Try it
Word for word, restate the listing; omit the pictures.

Dataset extract
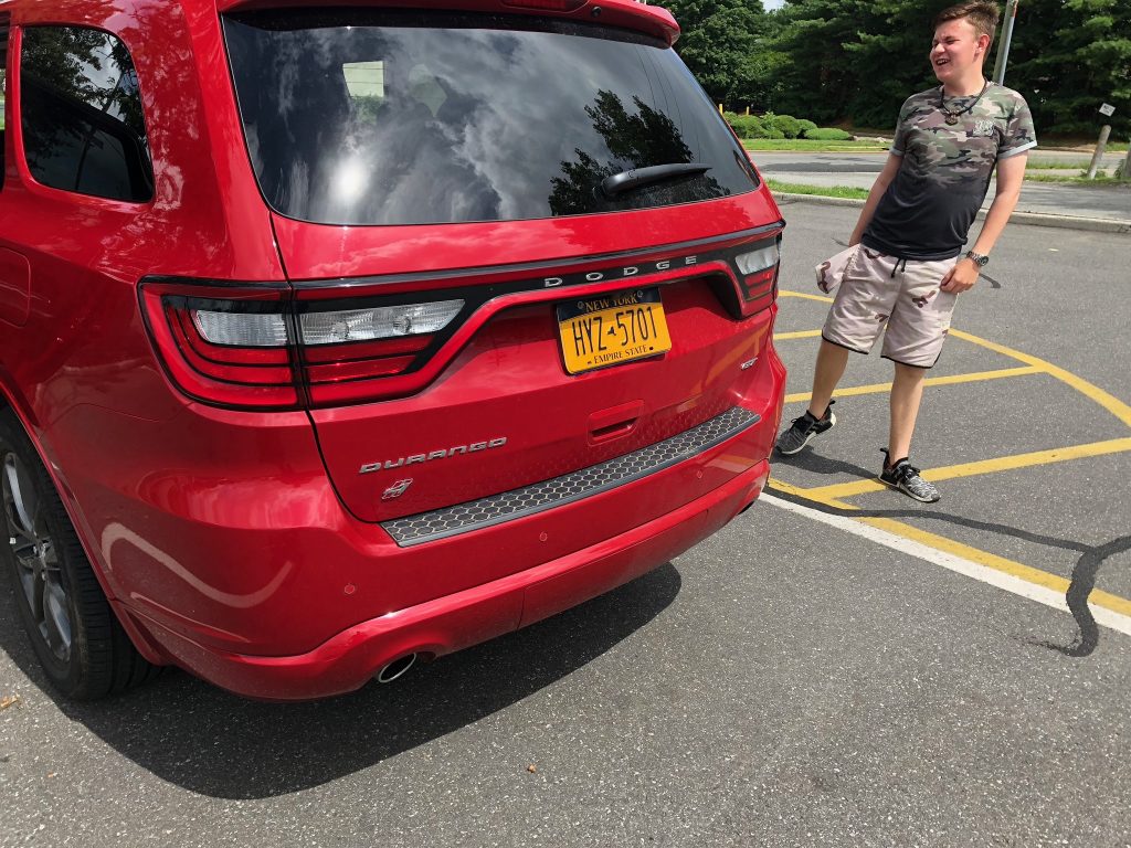 Vi fik en rød Dodge Durango som var en virkelig dejlig bil. Den havde en ekstra række sæder, så enden Sylvester eller Villads kunne sidde her på de lange ture. Men der var også fint med plads på bagsædet til tre. Bagagerums pladsen var også fin. Dog senere på turen hvor vi fik gang i flere tasker, så måtte Sylvester og Villads sidde på bagsædet.
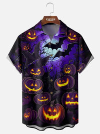 Men's Jack-O'-Lantern Bat Moon Short Sleeve Shirt
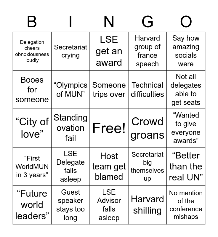This bingo card has a free space and 24 words: LSE Delegate falls asleep, Guest speaker stays too long, Someone trips over, “Future world leaders”, Say how amazing socials were, Delegation cheers obnoxiousness loudly, Booes for someone, Secretariat crying, Crowd groans, Host team get blamed, Technical difficulties, “City of love”, Secretariat big themselves up, “Better than the real UN”, “Olympics of MUN”, Harvard shilling, “Wanted to give everyone awards”, LSE get an award, Not all delegates able to get seats, Standing ovation fail, No mention of the conference mishaps, “First WorldMUN in 3 years”, Harvard group of france speech and LSE Advisor falls asleep.

Response for this exercise
 Vi fik en rød Dodge Durango som var en virkelig dejlig bil. Den havde en ekstra række sæder, så enden Sylvester eller Villads kunne sidde her på de lange ture. Men der var også fint med plads på bagsædet til tre. Bagagerums pladsen var også fin. Dog senere på turen hvor vi fik gang i flere tasker, så måtte Sylvester og Villads sidde på bagsædet.
 Men's Jack-O'-Lantern Bat Moon Short Sleeve Shirt
This bingo card has a free space and 24 words: LSE Delegate falls asleep, Guest speaker stays too long, Someone trips over, “Future world leaders”, Say how amazing socials were, Delegation cheers obnoxiousness loudly, Booes for someone, Secretariat crying, Crowd groans, Host team get blamed, Technical difficulties, “City of love”, Secretariat big themselves up, “Better than the real UN”, “Olympics of MUN”, Harvard shilling, “Wanted to give everyone awards”, LSE get an award, Not all delegates able to get seats, Standing ovation fail, No mention of the conference mishaps, “First WorldMUN in 3 years”, Harvard group of france speech and LSE Advisor falls asleep.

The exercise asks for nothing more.